Years later I reaped the fruit of my hard labor, the battle I waged almost single-handedly. No, not just in the form of children who respect and love their Mom. The parents, in-laws, other relatives, friends, and of course the children’s Dad all admitted (some directly some others only indirectly and very, very grudgingly) that I had been right and had done a good job. But do remember the story of the beautiful Taj Mahal, and the sweat and blood that lies behind it. I was not always right. Sometimes I failed, especially the times I lost my cool and instead of the firm reasonable approach screamed my lungs out at them. That’s my only regret and something I would go back to if I could and change.

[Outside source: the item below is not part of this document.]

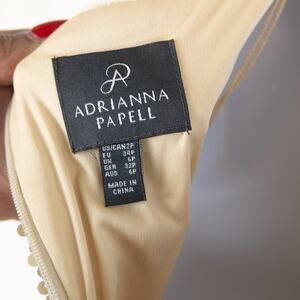 Adrianna Papell Gold Sequin Cap Sleeve Cocktail Dress 6. Adrianna Papell Sequin Sheath Dress. Simple, but elegant. Size 6, fully lined. Boat neck, gathered to the side at right waist. Hook/eye/hidden zip closure in back. Excellent used condition, no obvious flaws.

This post is about standing up for my boys. That is actually a lot easier in our society. People are a bit lenient when it comes to male children. After sometime they leave you alone. You know what folks, what I would have loved would have been to stand up for a couple of girls. Now that would have been really something. I know on reading this, my sons may end up accusing me (*sob sob*) that I prefer daughters to sons. But really speaking, just think of the amount of standing up I would have had to do for daughters?! I could have actually had double the fun roaring and mauling the eyes off those who dared clip their wings.